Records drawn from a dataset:
■ ■ ■ ■ ■ ■ ■

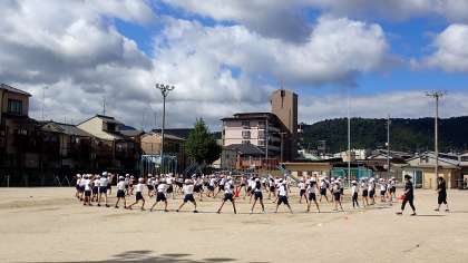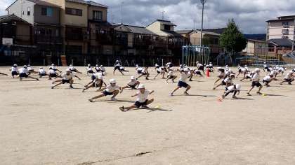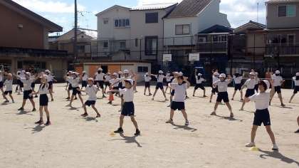運動場からは、「どっこいしょーどっこいしょ!」と元気な掛け声が聞こえてきます。体育館ではしっかり出ていると思った掛け声も、運動場に場所を変えると印象が違ってきます。本番に近い形で練習して、よりよい演技を目指してほしいと思います。今日、みんなのがんばって練習する姿をこっそり見ていた「あの先生」も、みんなの成長に感心されていましたよ!
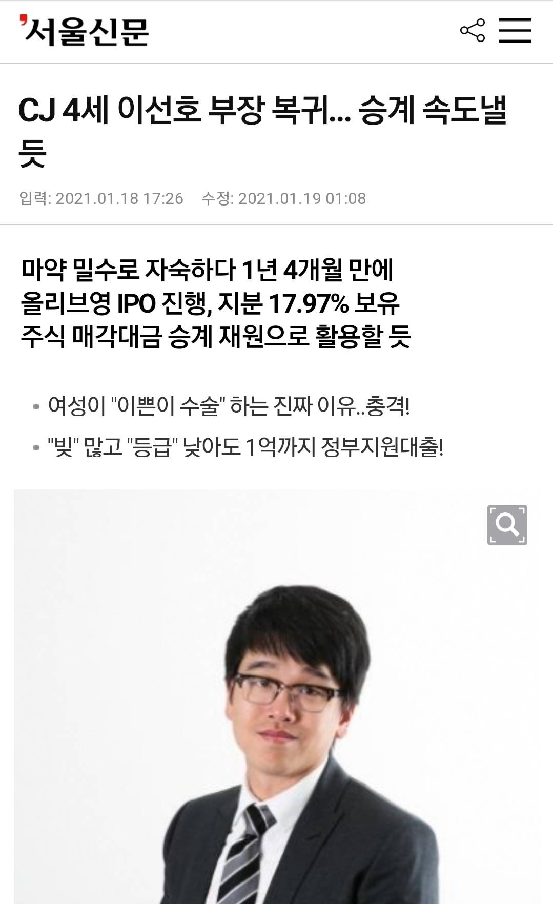 떡상한 CJ 주식 팔아서 그룹 물려받는데 쓸 예정
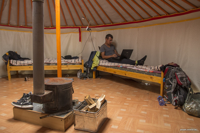 Юрта, мы почетные гости. Издавая короткие «буль», специальный черпак на палке водружался в кожаный бурдюк. Пенящийся напиток многократно извлекался на свет. Чаша с кумысом переходила по кругу, от нас к хозяевам. Огни печки отражались на внушительной бутыли местной водки. «Бедный Сашка, ему отдуваться за обоих», — мелькнуло тогда у меня. Однако смелый взор товарища не выражал страха или смятения. Словно принимая вызов, дружище спокойно взирал на оппонентов.
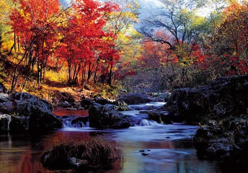 更難得的是,由于紅葉谷緯度高、霜期長(zhǎng),使這里紅葉色彩特別艷麗,而地處長(zhǎng)白山余脈和松花江流域的交匯地區(qū),又為這里在紅葉觀賞期形成五彩斑斕的效果提供了地理優(yōu)勢(shì)。
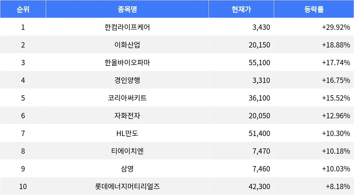 자화전자(033240)는 등락률 12.96%로 20,050원이었다. HL만도(204320)는 등락률 10.30%로 51,400원이었다. 티에이치엔(019180)은 등락률 10.18%로 7,470원이었다. 삼영(003720)은 등락률 10.03%로 7,460원이었다. 롯데에너지머티리얼즈(020150)는 등락률 8.18%로 42,300원이었다.
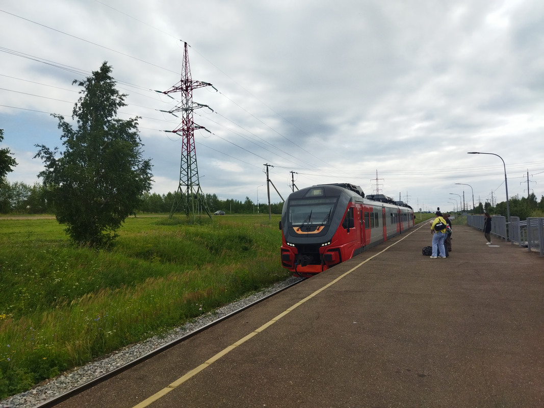 К платформе прибыл рельсовый автобус РА-3 или Орлан. Это такой пригородный поезд для тепловозных дорог похожий на московские электрички Стандарт Плюс.
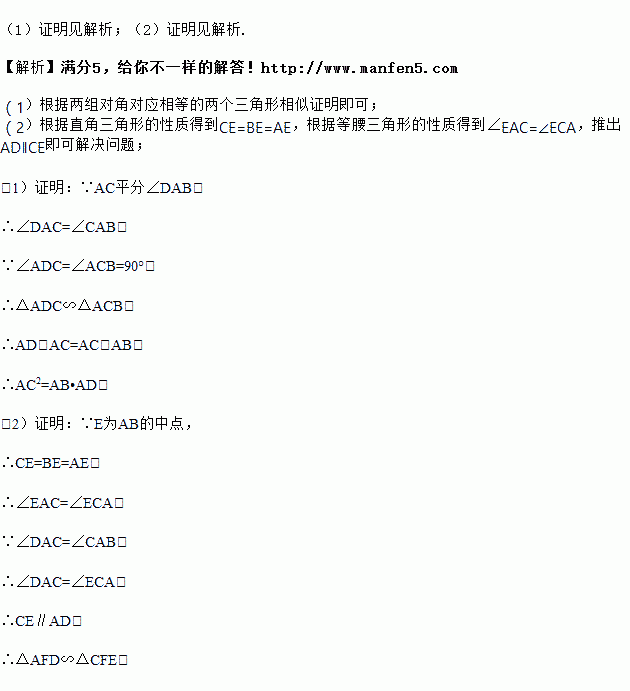 如图,四边形ABCD中,AC平分∠DAB,∠ADC=∠ACB=90°,E为AB的中点,

■ ■ ■ ■ ■ ■ ■

_WHAT YOU ARE ASKED TO DO:_
Copy out all the data above exactly as written. Skip the pictures.

_FINISHED TASK:_
運動場からは、「どっこいしょーどっこいしょ!」と元気な掛け声が聞こえてきます。体育館ではしっかり出ていると思った掛け声も、運動場に場所を変えると印象が違ってきます。本番に近い形で練習して、よりよい演技を目指してほしいと思います。今日、みんなのがんばって練習する姿をこっそり見ていた「あの先生」も、みんなの成長に感心されていましたよ!
 떡상한 CJ 주식 팔아서 그룹 물려받는데 쓸 예정
 Юрта, мы почетные гости. Издавая короткие «буль», специальный черпак на палке водружался в кожаный бурдюк. Пенящийся напиток многократно извлекался на свет. Чаша с кумысом переходила по кругу, от нас к хозяевам. Огни печки отражались на внушительной бутыли местной водки. «Бедный Сашка, ему отдуваться за обоих», — мелькнуло тогда у меня. Однако смелый взор товарища не выражал страха или смятения. Словно принимая вызов, дружище спокойно взирал на оппонентов.
 更難得的是,由于紅葉谷緯度高、霜期長(zhǎng),使這里紅葉色彩特別艷麗,而地處長(zhǎng)白山余脈和松花江流域的交匯地區(qū),又為這里在紅葉觀賞期形成五彩斑斕的效果提供了地理優(yōu)勢(shì)。
 자화전자(033240)는 등락률 12.96%로 20,050원이었다. HL만도(204320)는 등락률 10.30%로 51,400원이었다. 티에이치엔(019180)은 등락률 10.18%로 7,470원이었다. 삼영(003720)은 등락률 10.03%로 7,460원이었다. 롯데에너지머티리얼즈(020150)는 등락률 8.18%로 42,300원이었다.
 К платформе прибыл рельсовый автобус РА-3 или Орлан. Это такой пригородный поезд для тепловозных дорог похожий на московские электрички Стандарт Плюс.
 如图,四边形ABCD中,AC平分∠DAB,∠ADC=∠ACB=90°,E为AB的中点,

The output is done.